All of us will spend time in our lives on both the high, hard, ground and in the swamps.  Almost all  of our classroom education prepares us to work and live on the high ground;  rarely are we prepared for what awaits us in the swamp.  Success in the swamp – acting with confidence and competence as we grapple with wicked problems – requires us to learn how to do a “Burnside:”  Show up in the middle of the storm fully present and alert with a calm and confident manner; get down into the mud and muck;  begin the process of figuring out what is happening; recruit and enlist others to work with us;  formulate an idea of the problem; then move, taking appropriate action to deal with the newly defined situation.

Becoming a Swamp Master 

It is clear from Groopman’s account that Burnside was a “Swamp Master:”  He knew where to start, how to make sense of what was happening, and what to do when he defined the problem. If he had been wrong in his first diagnosis, he would have tried something else, and then something else after that.  Burnside’s sudden and unexpected appearance with his calm, purposeful response to Mr. Morgan’s crisis can give us confidence that it is possible to not only  survive in the swamp,  but to do Good Work there, and even to flourish.

In a world full of wicked problems, our challenge is to become a Swamp Master!

Becoming a “swamp master” means,  at a minimum, the following: Understanding the differences between high ground and swamp; becoming reasonably comfortable amid the  muck and the chaos and the “hurly- burly” of the swamp; being fully aware that different rules apply; possessing the skills of gathering information about the “mess;”  making sense of it in order to determine the nature of the problem;  having the ability to involve others in collaborative work;  identifying and defining “a problem;”  giving it a name;  working with others to put together an action plan; then going to work to make a difference.

While there are different degrees of “Swampness,” all the way from mild encounters to major crises, any journey toward becoming a Swamp Master will require one to pass through these stages of  learning:

 Survival;

Muddling Through;

Coping;  

Managing;

Flourishing.

It is not an easy road.  Not everyone who takes it is successful.  Many people find themselves stuck in one stage or another, most often the stage of  Muddling Through.

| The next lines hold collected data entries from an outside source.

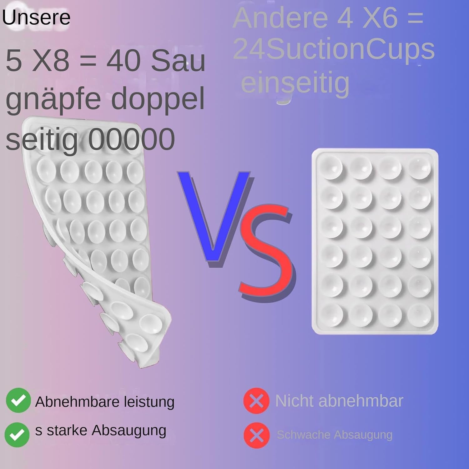 Starker Halt: Inspiriert von der natürlichen Haftung des Saugers, mit 40 unabhängigen Saugnäpfen auf beiden Seiten, die für stärkere Saugkraft und Stabilität sorgen und aus praktischen Gründen leicht abnehmbar sind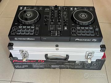 DDJ 400 Pioneer, in perfette condizioni. Completa del Cavo USB, dei Manuali con la Scatola originali e di una Valigetta rinforzata con cerniere con serrature e chiavi per il trasporto della console in tutta sicurezza. Utilizzabile tramite il Software Rekordbox, con la relativa licenza sbloccabile attraverso il collegamento della console al dispositivo utilizzato (pc, macbook, laptop, notebook...) nel quale, ovviamente, andrà installato Rekordbox, scaricato dal sito della casa produttrice, anche attraverso i codici QR presenti nei manuali. Usata davvero poco e solo in casa. Mantenuta in maniera impeccabile e perfettamente funzionante.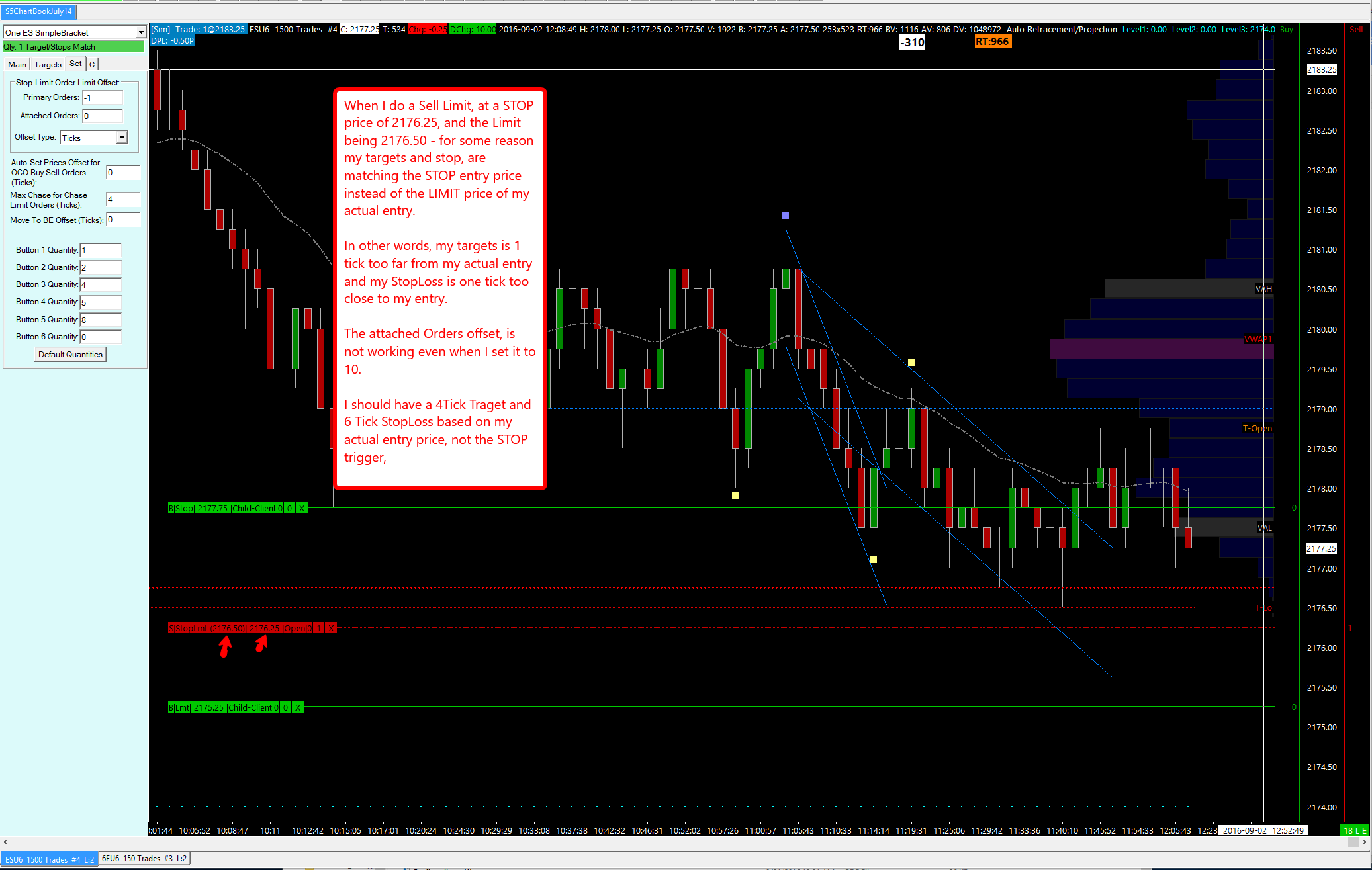 The question is within the image. My Attache orders are using the the STOP Trigger price, not the LIMIT/Entry price, which is a 1 tick improvement. I cannot get the attached orders to adjust based on my ENTRY price. _Dion |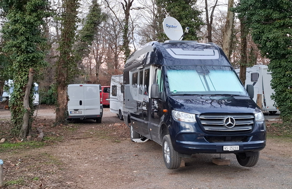 Bei kalten und eisigen Temperaturen starten wir am 4. Januar 2026 in Visp in Richtung Geneve und Frankreich. In Dardilly in der Nähe von Lyon stoppen wir für die erste Übernachtung. Nachts sinkt die Aussentemperatur auf -5° C und die Womoheizung läuft im Dauerbetrieb.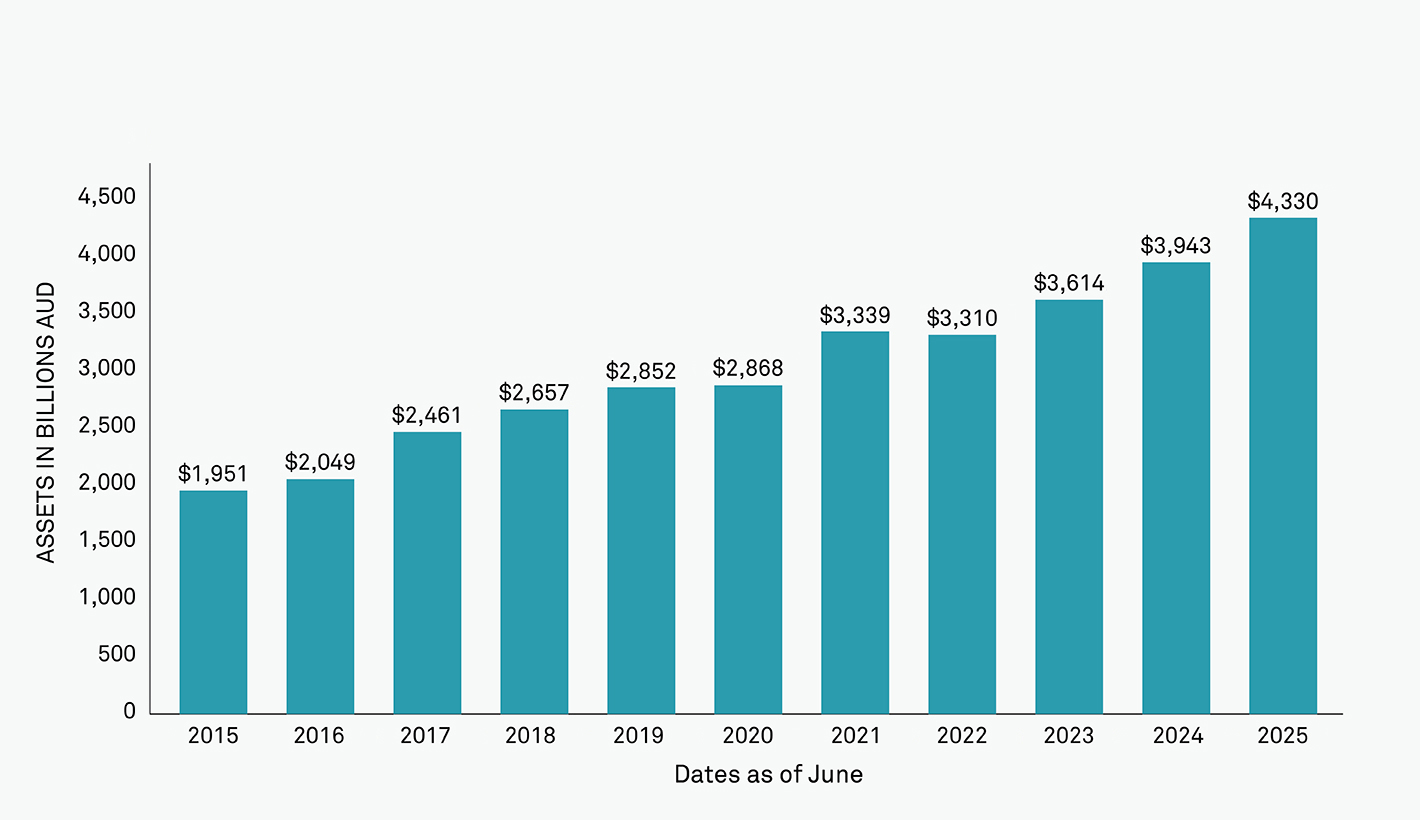 AU SUPERS ANNUAL ASSET GROWTH 2015 - 2025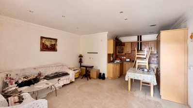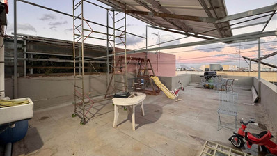Upstairs offers a spacious bedroom, another storage room, and two roof terraces, with the potential to convert this floor into three bedrooms.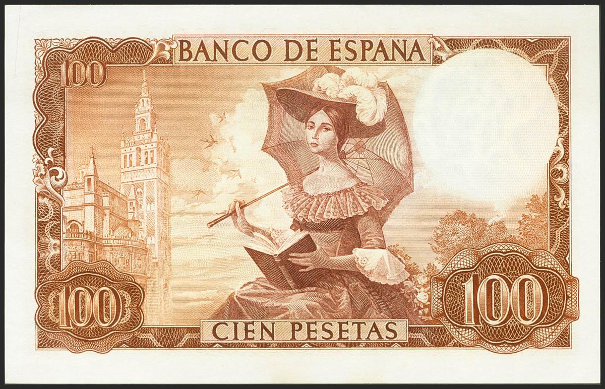 100 Pesetas. 19 de Noviembre de 1965. Serie A. (Edifil 2021: 470a). Conserva parte de su apresto original. EBC+.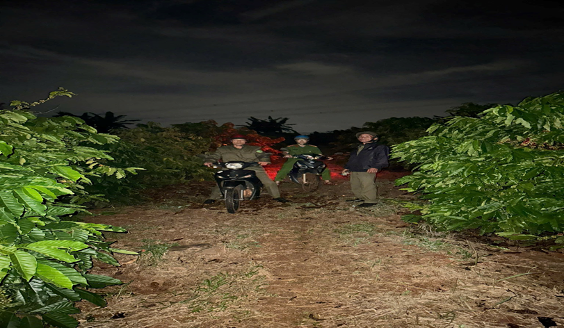 Đội ANTT cơ sở tuần tra tại các khu rẫy đảm bảo tài sản cho nhân dân.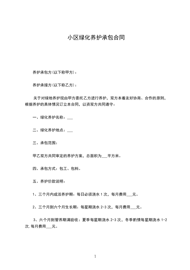 4、本合同一式4份,均具同等效力,双方签字盖章后即生效,合同期满自行失效。个人绿化养护承包合同协议范本2甲方:乙方:经甲乙双方协商,甲方将乙方养护,为明确双方责任,本着相互协作,达成如下协议: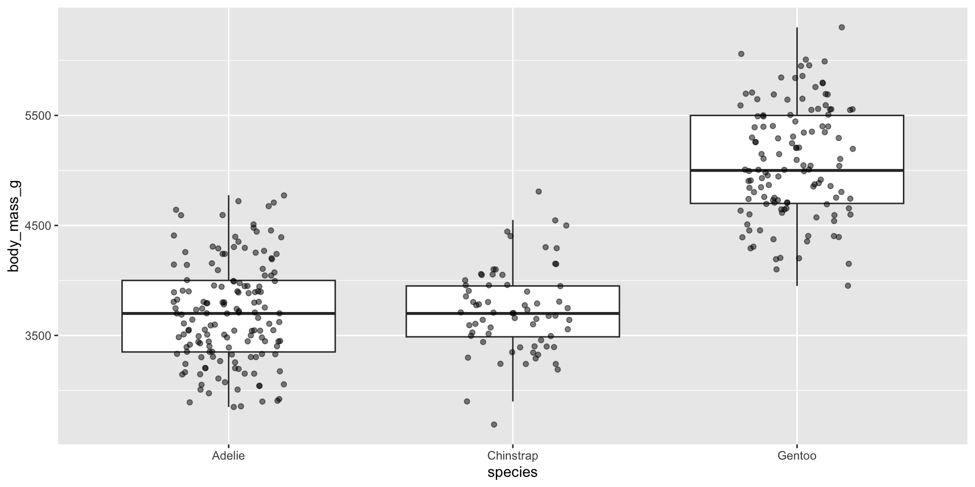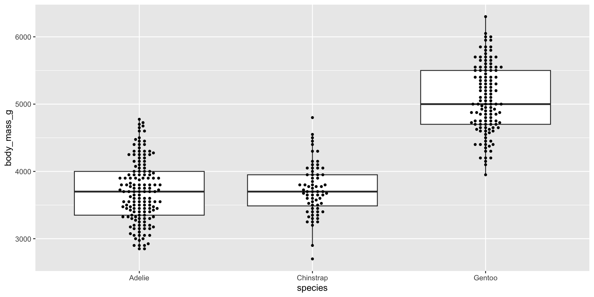Since box plots hide sample size, consider overlaying raw data points using geom_jitter() (since our temperature data is too large (almost 500k rows), we’ll use the penguins data set to demo):

What’s more, the road to becoming a Swamp Master is one that has no end.  Each time we enter a new “swamp” situation, we find ourselves back at Survival Mode, starting over.  There are, however, insights, approaches and skills that we can learn along the way and then take with us as we struggle, skills and insights that will provide us with huge advantages as we make our moves from Surviving to Flourishing.  We can learn to become Swamp Masters!

 

 

 

 

One thought on “Dr. Groopman Discovers the Swamp

  1. Brently McElroy

    Dr. Groopman after years of learning and studying to be a doctor he wasn’t prepared to the real-world situations where all his learning would come into play. Doing a “Groopman” is something we all share when we attempt to apply the knowledge and skills we learned in the classroom to the real world. Our learning and our preparations shows us an inside view of the swamp and what it’s like. We don’t get into the swamp until we are done with school and began learning in the real world.

    Everybody at one time was doing a “groopman”, but instead you want to do a “burnside” doing a “burnside” is acting with confidence and competence as we grapple with wicked problem, which is crucial to success in the swamp. Once you do a “burnside” you become a “swamp master” to be a swamp master means that you understand the difference between high ground and the swamp. The swamp is the ugly, spontaneous, messy, difficult learning that teaches you about the real world or the problem. The ground is looking into the swamp understanding what the ugly, spontaneous, messy, difficult problem. Once there is understanding there is knowing the solutions and implementing them to solve the problem.